Czechoslovakian composer Hans Krása originally wrote the opera “Brundibár,” which will open at Sweet Briar College this week, for a competition at an orphanage in 1938 — the same year Hitler invaded the country.
By the time it was actually performed in 1942, Krása had been transported to the concentration camp Theresienstadt, where he was soon joined by the opera’s director, scenic designer and some of the children from the original production.
Krása eventually recreated the opera there from memory and the partial piano score he smuggled in with him — “with the instruments they happened to have there in the camp,” says Bill Kershner, who is directing SBC’s production.

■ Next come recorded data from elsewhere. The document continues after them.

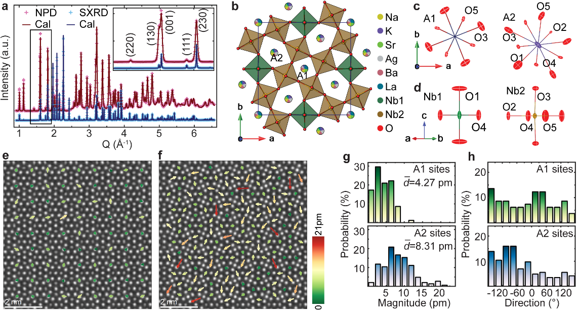 (a-d)TTB高熵陶瓷的结构精修,(e-h)TTB高熵陶瓷的晶格结构畸变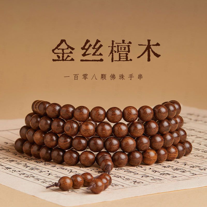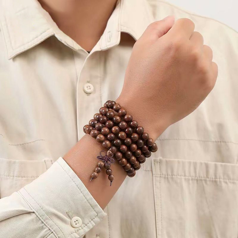多圈108颗木质手串女款黑檀木叠戴盘玩手持佛珠老料檀木手链男款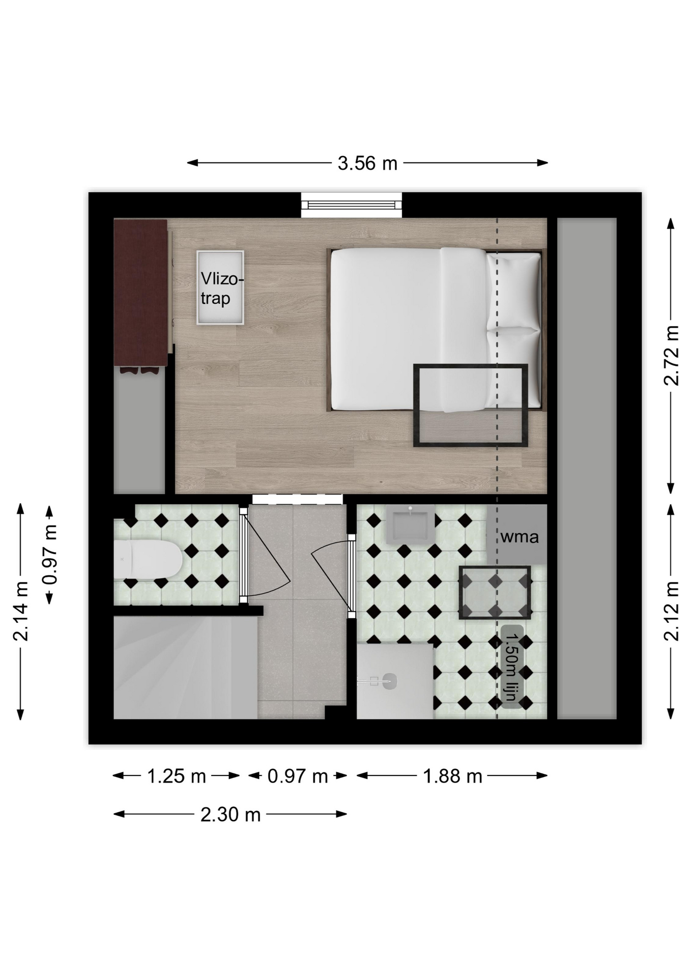 Maatvoering: Circa 1.50 x 1.19/0.60m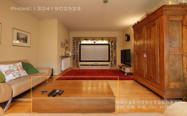 大尺寸的畫框銀幕布被安置在簡易的CD架中間,三只前置小音箱掛在幕布上沿,均衡擺放,視覺效果良好。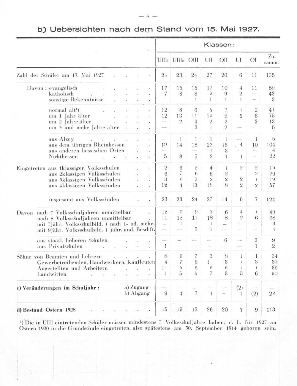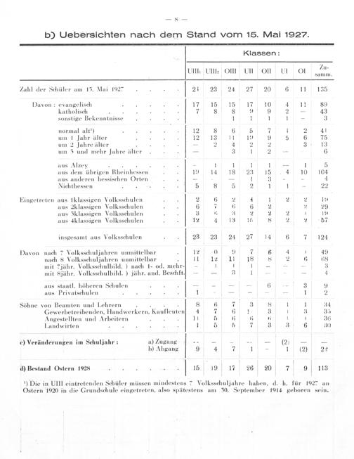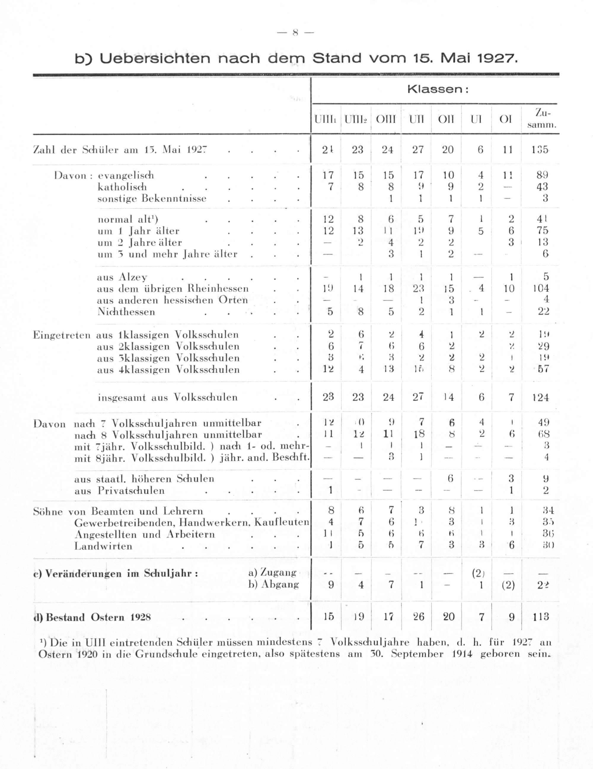 Zahl der Schüler am 15. Mai 1927 24.23 24 27.20 6 11 155 Davon: evangelisch 17 15 15| 17 10 4 11.89 katholisch 7 8 8 919 2— 43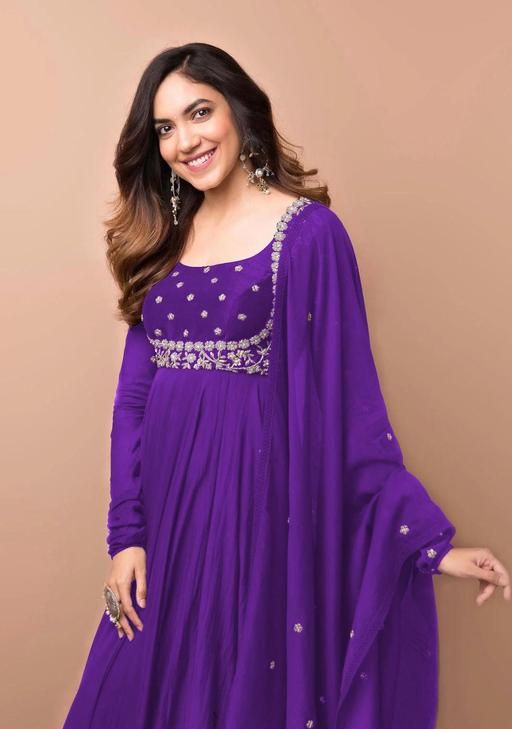 Name: LATEST KURTA SET, Kurta With Dupatta Anarkali Trendy Latest Dark Wine Pure Gerogette Gown Embroidery Dupatta New Fashion #Latest Fashion #Casual #Party #Ethnic#Dresses #Kurtis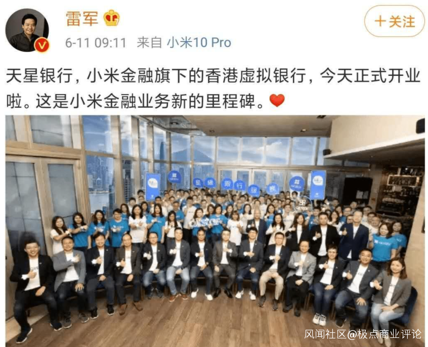 去年10月9日,先後供職於摩根士丹利和瑞信的林世偉加入小米,任小米集團副總裁兼CFO。今年6月底,接任雷軍出任天星銀行董事會主席。天星銀行是一家虛擬銀行,雷軍此前表示,這是小米金融業務新的里程碑。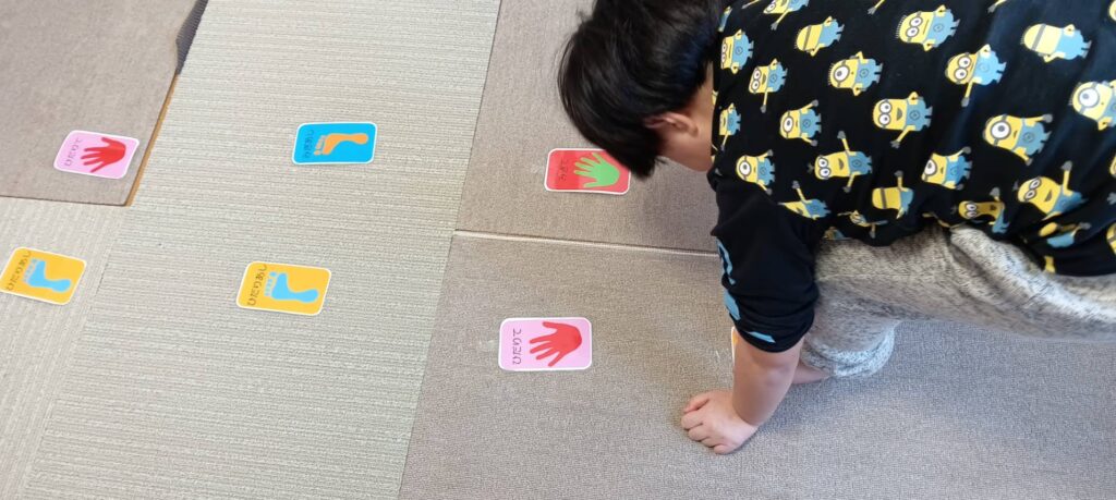 初めは手のみで行いましたが、「左手」「右手」の理解も含めて行うと小学校のお友達は認識していますが、未就学のお友達はまだ難しい様子が見られています💦

The opera tells the story of a tyrannical organ grinder, the titular Brundibár, who prevents a brother and sister from singing in the marketplace of their village to earn money to help their sick mother. But he is eventually defeated when the siblings team up with a sparrow, a cat, a dog and other children in the town to chase him away.
“Krása tried to put [in] subliminal messages,” Kershner says. “In pictures of the original production, they gave Brundibár a mustache [like Hitler’s]. I guess the Nazis did not consider it to be a threat. … The story really is about how you can band together and triumph over evil. But, at the same time, we know it’s not an easy triumph.”
The opera was performed 55 times at the concentration camp between 1943 and 1944. At one point, the Nazis used it as propaganda to prove to a Red Cross delegation that prisoners were treated humanely there.
But, in fact, Theresienstadt was a stopover where more than 150,000 people were held for months or years before being sent to extermination camps. Not long after that Red Cross visit, Krása and many of the residents were sent to the gas chambers at Auschwitz.
To honor their memory, Kershner is staging the opera — which Pulitzer Prize-winning playwright Tony Kushner translated into English in 1992 — as if it’s being performed in 1943 in the camp. The set is designed to look like the inside of Theresienstadt, and members of the orchestra will wear the same prison garb as the cast.
“We’ve given everybody in the cast the name of a concentration camp victim,” Kershner says. “Students have all been given a particular name and, even in some cases, a photograph of someone who was killed.”
He did much of that research himself.
“It really struck me,” he says. “I’d be looking for names of victims of certain ages. I’d do a search in the Holocaust Victims Database [for] 8-year-olds, and [would] get pages and pages and pages of them. The immensity of it, the horror, is astounding.”